Introduction:In this project, our objective was to learn about the inheritance patterns of organisms by observing fruit flies, Drosophilia melanogaster. We used flies because they reproduce rapidly, so we were able to look at multiple generations in a short period of time. Before we started the project, we did 2 punnet squares to make a hypothesis on the genetic outcome. We thought that the vestigial mutation was autosomal recessive, and the expected phenotype ratio was 75% wild: 25% vestigial (3:1).
Fruitflies are in the Arthropoda phylum and Insecta class. Arthropoda have jointed appendages (limbs), an exoskeleton, compound eyes, an open circulatory system, antennae, concentration of sensory and brain structure, and most have mandibles.

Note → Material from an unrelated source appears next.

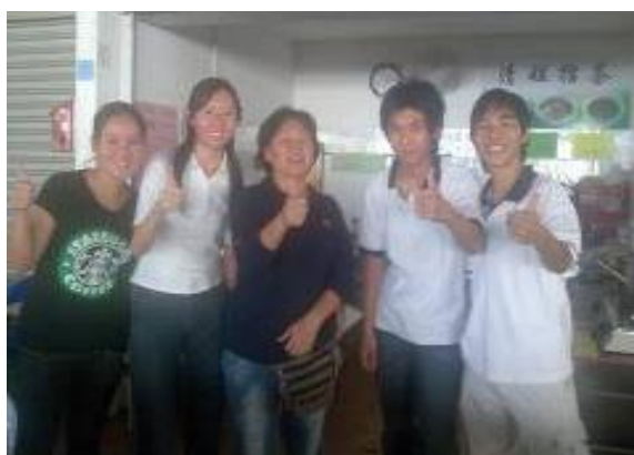
图 17: 闻名也南的清姐擂茶

Those in the insecta class have three body segments (the head, thorax, and abdomen).They also have mandibles, 1 pair of antennae, 3 pairs of legs on the thorax, 9-11 segments on the abdomen and most have 1 or 2 pair of wings. Insecta have a short life span and fast reproduction.
Phenotypes of our flies
White Eyes: This fly has white eyes
Vestigial: This fly's wings are small and shriveled and look like ugly little prunes, and this is the mutation that we chose to observe for our cross
Wild: This fly has red eyes and normally shaped, full bodied, and large wings
Group Life Cycle Log
2/27/06: Flies expand to new cultures
3/3/06: Small brown dot is the visible brain of the larva. They're burrowing and eating the medium
3/6/06: A few of the larvae have become small flies. Most of them are still larvae that are clinging to the sides of the vial.
3/8/06: The larvae are a bit bigger, but there's a lot of babies crawling around the medium.
3/9/06: Many are still pupas, a few flies have hatched, still little babies everywhere.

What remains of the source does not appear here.